(Beginning of DATA RECORDS)

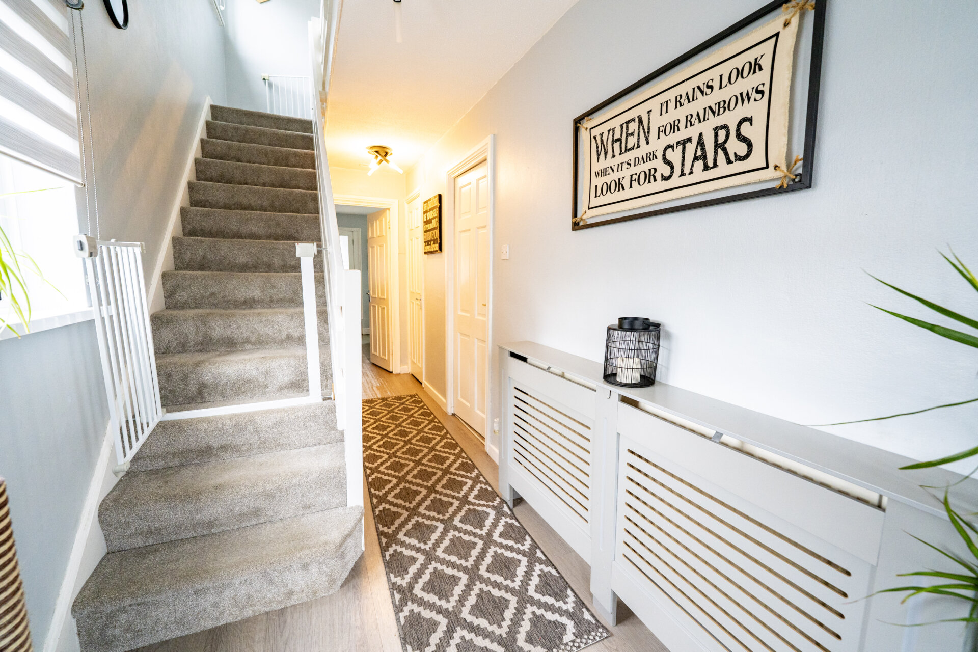 Stairs to the first floor landing, UPVC window to the side, composite front entrance door, vinyl tile floor, door to under stairs storage cupboard, radiators and door to
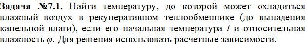 Другое: Задача 7.1 - Найти температуру, до которой охладиться влажный воздух в рекуперативном теплообменнике
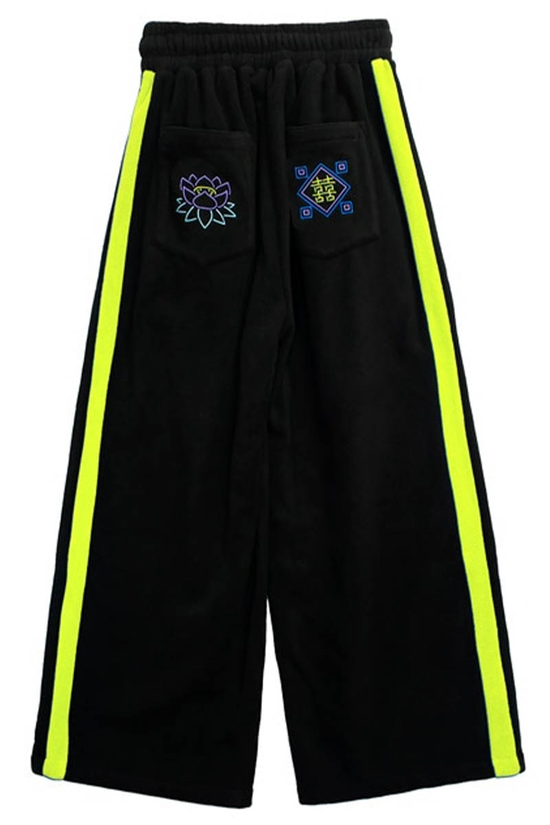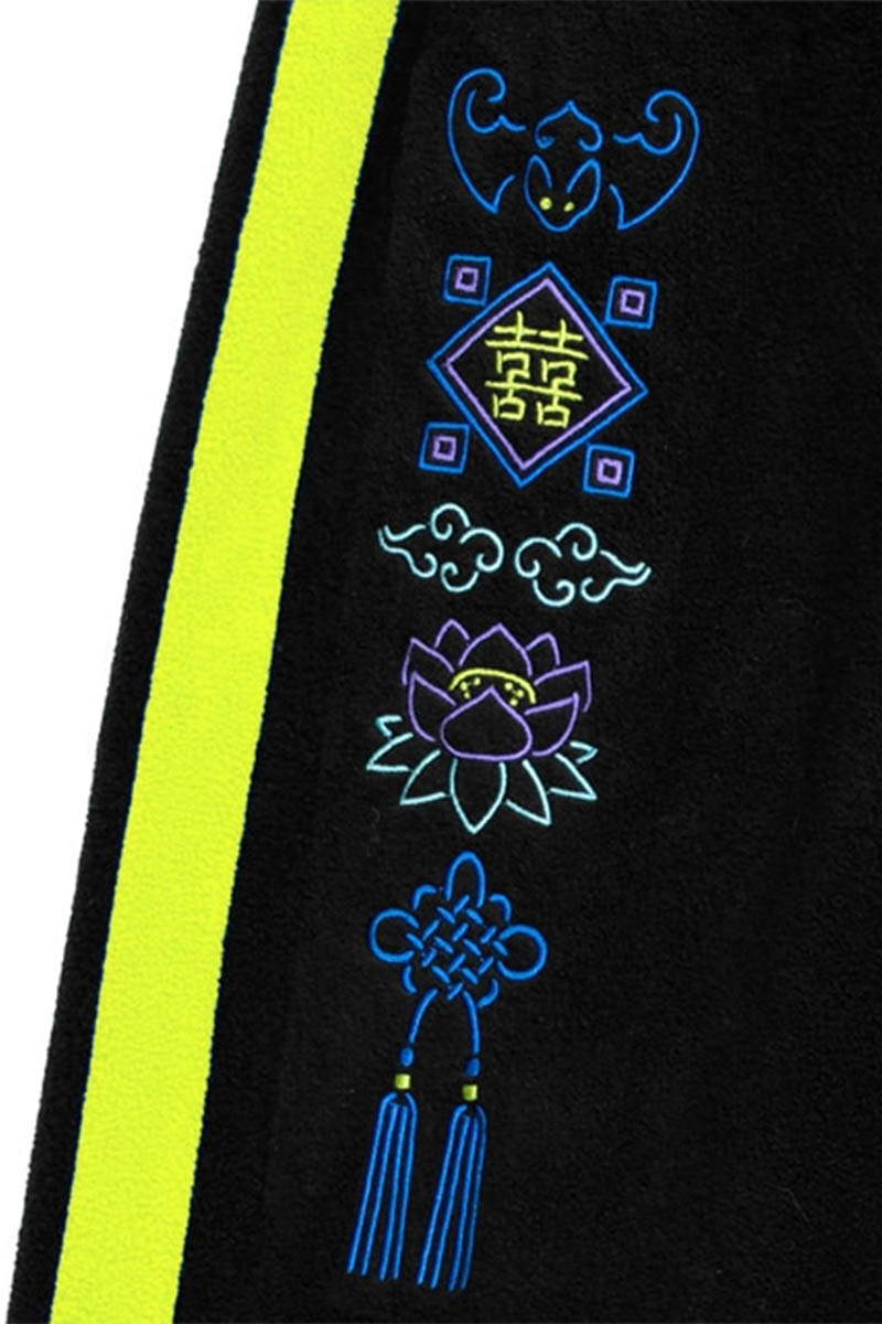 LISTEN FLAVOR (リッスン・フレーバー) 招福チャイナフリースラインパンツ - Black x Neon Yellow
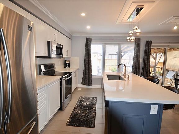 Immaculately-updated house with in-law suite in Niagara Falls! You will be blown away by the updates in this picture-perfect property... with loads of coffered ceilings, crown moulding, and wainscoting. The open-concept kitchen with quartz countertops shares a large space with the living room and dining area. Upstairs, the master bedroom has a 4pc ensuite and walk-in closet. The lower level has it's own kitchen, 4pc bathroom, and laundry. The cute backyard is fully fenced, with covered deck and shed. Built in 2017, nothing in this property is over 3 years old! View the property immediately by clicking on the 3D virtual tour and "walk" through the house and backyard at your leisure, and then call to book a showing!
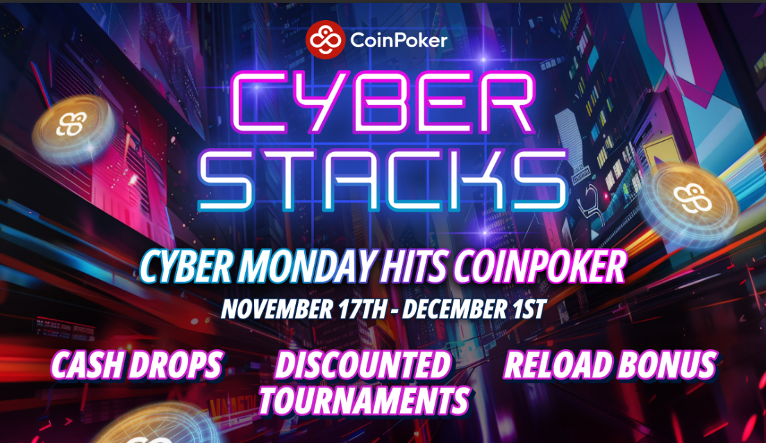 A campanha Cyber Stacks chega para celebrar a temporada de compras da Black Friday e Cyber Monday com uma maratona de poker e recompensas instantâneas. De 17 de novembro a 1º de dezembro, a CoinPoker distribuirá US$ 30.000 em cash drops, descontos em torneios CoinMasters e bônus de recarga de até US$ 200.

(End of DATA RECORDS)

WHAT IS BEING ASKED: Each line from the start of the entries to the line holding "LISTEN FLAVOR (リッスン・フレーバー)" is to be given again exactly, both ends included, and each picture is to be left out.

OUTPUT BELOW:
 Stairs to the first floor landing, UPVC window to the side, composite front entrance door, vinyl tile floor, door to under stairs storage cupboard, radiators and door to
 Другое: Задача 7.1 - Найти температуру, до которой охладиться влажный воздух в рекуперативном теплообменнике
 LISTEN FLAVOR (リッスン・フレーバー) 招福チャイナフリースラインパンツ - Black x Neon Yellow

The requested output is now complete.